#### [Action item]
Type out the data exactly as given. Skip any image.

#### [Dataset excerpt]

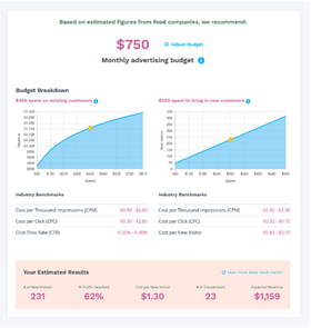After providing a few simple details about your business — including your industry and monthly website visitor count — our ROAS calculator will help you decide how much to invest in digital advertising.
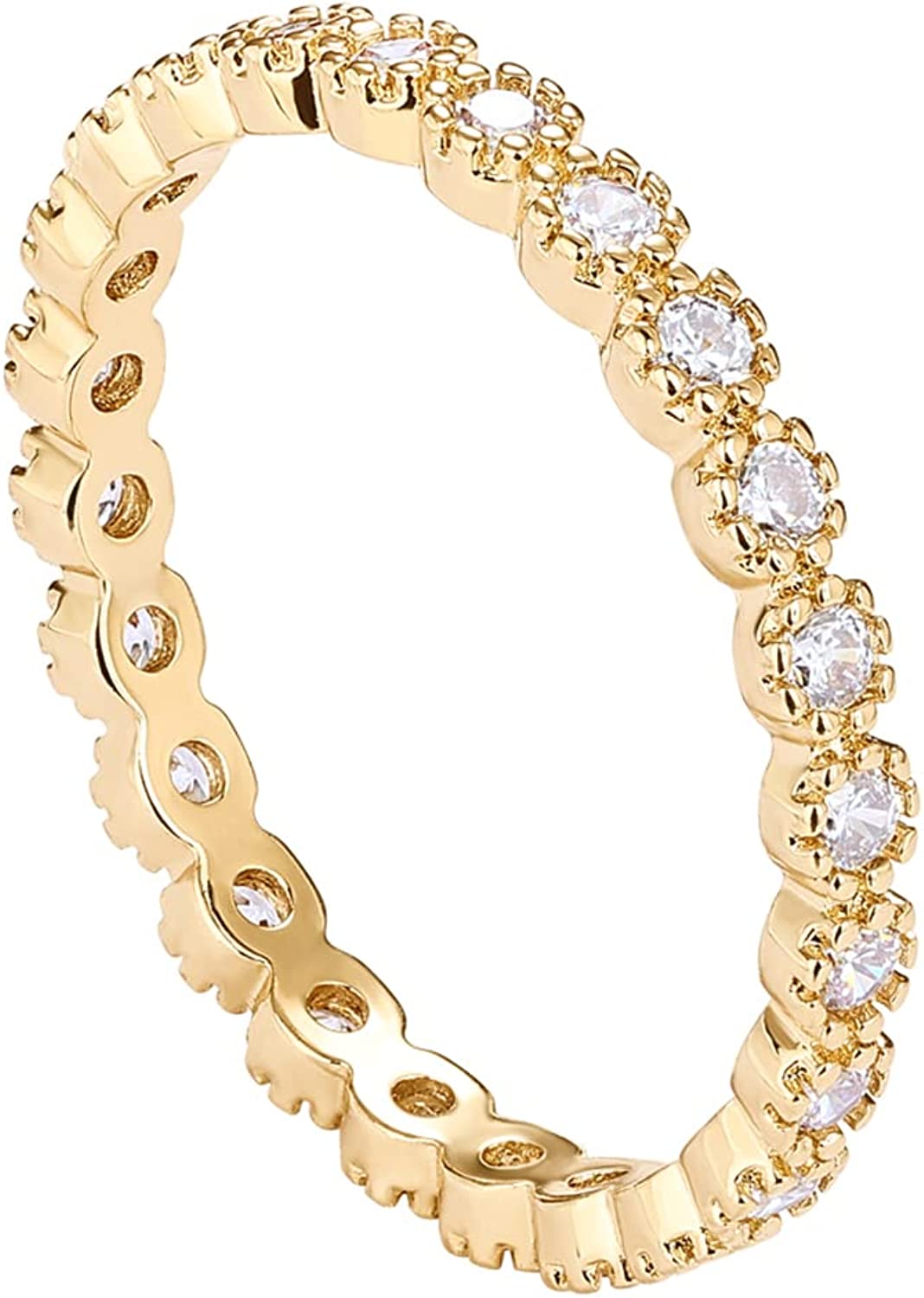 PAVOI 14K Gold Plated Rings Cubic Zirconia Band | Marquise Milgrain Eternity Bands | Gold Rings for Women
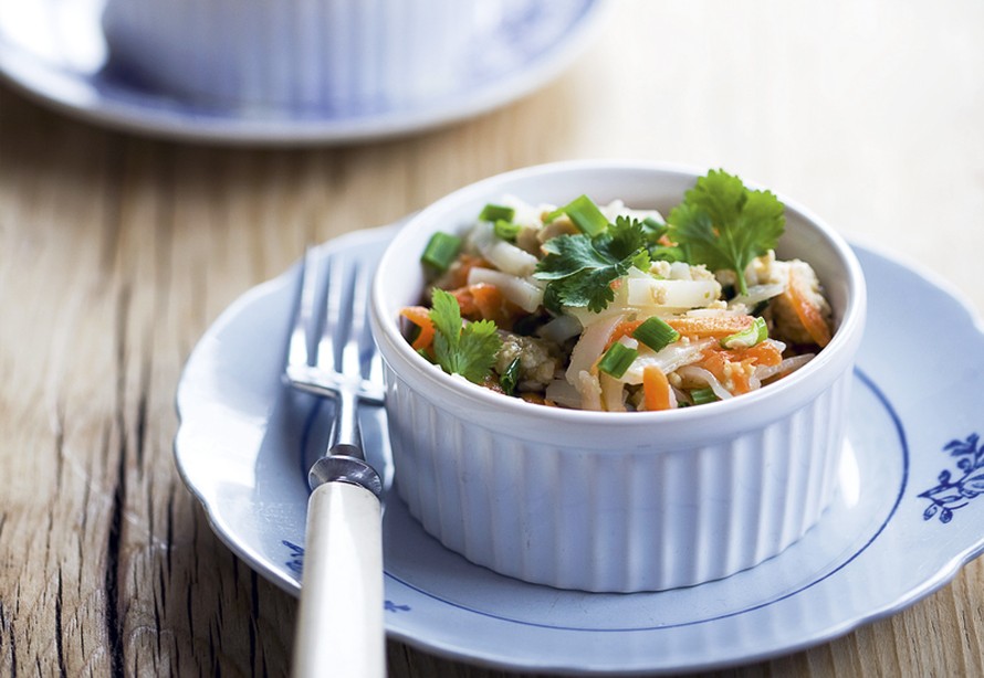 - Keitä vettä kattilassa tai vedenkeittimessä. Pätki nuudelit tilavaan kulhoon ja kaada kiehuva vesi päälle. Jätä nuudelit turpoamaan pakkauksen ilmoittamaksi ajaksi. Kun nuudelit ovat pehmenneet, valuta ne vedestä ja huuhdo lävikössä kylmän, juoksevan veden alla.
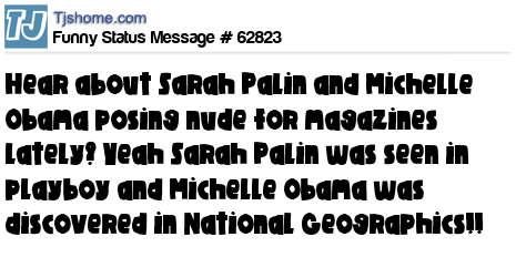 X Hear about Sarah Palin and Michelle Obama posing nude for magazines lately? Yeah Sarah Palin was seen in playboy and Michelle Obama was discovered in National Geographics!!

#### [Solution for this problem]
After providing a few simple details about your business — including your industry and monthly website visitor count — our ROAS calculator will help you decide how much to invest in digital advertising.
 PAVOI 14K Gold Plated Rings Cubic Zirconia Band | Marquise Milgrain Eternity Bands | Gold Rings for Women
 - Keitä vettä kattilassa tai vedenkeittimessä. Pätki nuudelit tilavaan kulhoon ja kaada kiehuva vesi päälle. Jätä nuudelit turpoamaan pakkauksen ilmoittamaksi ajaksi. Kun nuudelit ovat pehmenneet, valuta ne vedestä ja huuhdo lävikössä kylmän, juoksevan veden alla.
 X Hear about Sarah Palin and Michelle Obama posing nude for magazines lately? Yeah Sarah Palin was seen in playboy and Michelle Obama was discovered in National Geographics!!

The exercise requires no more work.